Grapevine Telegraph
While the “grapevine telegraph” has come to connote word-of-mouth social networks among the enslaved and their allies, it also evokes the technological network that shaped its practices. One neat summary of the grapevine comes from Scott Bond in From Slavery to Wealth (1917) who explains that
in the time of slavery there were many methods of communication among the slaves. Some of these methods were unique. Information was conveyed in many apparently mysterious ways. Sometimes, the methods known as the clothes-line Telegraph, sometimes the underground mail; at other times a code of signals would impart the desired news. All this remember in a way to keep the overseer in the dark as to what was going on. (199)

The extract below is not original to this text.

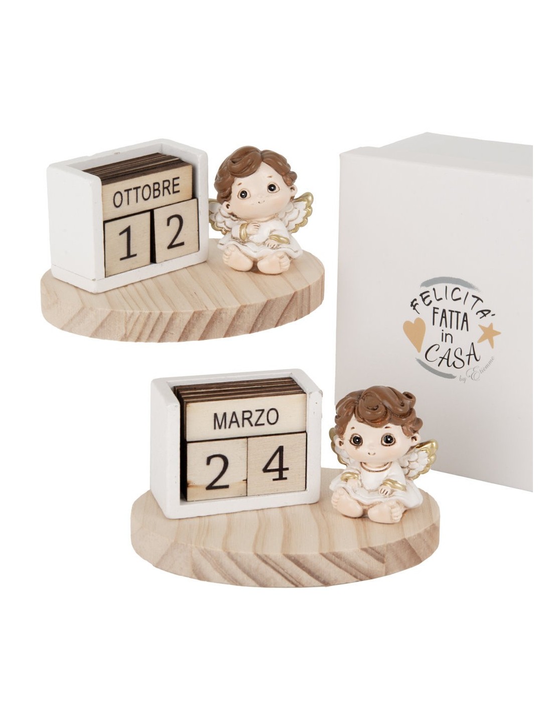 2 PEZZI DI STATUINA CALENDARIO ANGELO IN RESINA E LEGNO

The telegraph network proudly proclaimed its presence across the American landscape, while the grapevine telegraph operated through coded gestures and furtive discourse (Cullen). Bond refers to one popular mode of the grapevine that made use of the “clothes-line” by communicating visual patterns of hung wash. In his (1856) autobiography, Charles Thompson describes the manner in which one enslaved person, estranged from his wife, would visit her on an adjacent plantation only when she hung “a certain garment in a particular spot,” indicating that “the coast was clear and no danger need be apprehended” (22). These clothes-line signals would have been as impervious as morse code to most observers, but the operators of the grapevine also strove to erase all physical records of their human “wires” and the signals they carried. This underscores the contrasting material presence of the telegraph network that according to many above accounts embodied and flaunted the history of white domination. The grapevine by contrast encoded its messages in mundane, domestic materials such that its history was constituted wholly in the minds of the participants.
Not only were the grapevine telegraph’s messages hidden in plain sight, but its messengers gathered their news through equally discrete methods, often collecting intelligence under the noses of disdainful masters. As Sergio A Lussana explains, this network enacted a form of “oppositional discourse” (135). Harry Smith recounts that when their masters would receive information—often through the literal telegraph—the “slaves would listen at the door,” which could risk “fifty lashes” (116). To initiate this information network was to verge upon self-destruction. Whereas the telegraph network had quickly become acclimated to the quotidian processes of American life, the tremendous risk of eavesdropping lent gravity to the social network of the enslaved and rendered its information precious to senders and recipients alike. In one account from William H. Robinson’s From Log Cabin to the Pulpit (1913), the grapevine even returned trustworthy news from California to North Carolina (17). In other words, we have some reason to believe that the urgency and peril of the grapevine telegraph inspired high-fidelity transmission across great distances.

Bibliography
Berlin, Ira. Generations of Captivity: A History of African-American Slaves. Harvard UP, 2003.
Cullen, Sarah. “‘Let Him Be Left to Feel His Way in the Dark;’ Frederick Douglass: White Surveillance and Dark Sousveillance.” Flynn and Mackay (2018): 191-206.
Gault, Erika. “‘My People Are Free!’: Theorizing the Digital Black Church,” Fire!!! 6 (2020): 1–16.
Lussana, Sergio A. “Enslaved Men, the Grapevine Telegraph, and the Underground Railroad.” My Brother Slaves: Friendship, Masculinity, and Resistance in the Antebellum South. Ed. Sergio A. Lussana. UP of Kentucky, 2016. 125–46.
Robinson, William H. From Log Cabin to the Pulpit: Or Fifteen Years in Slavery. Eau Claire, WI: The Author, 1913.
Rudd, Daniel A., and Theophilus Bond. From Slavery to Wealth: The Life of Scott Bond, the Rewards of Honesty, Industry, Economy and Perserverance. Madison, Ark.: The Authors, 1917.
Smith, Harry. Fifty Years of Slavery in the United States of America. Grand Rapids, MI: West Michigan, 1891.
Thompson, Charles, Biography of a Slave; Being the Experiences of Rev. Charles Thompson, a Preacher of the United Brethren Church, While a Slave in the South. Together with Startling Occurrences Incidental to Slave Life. Dayton, Ohio: United Brethren Publishing House, 1875.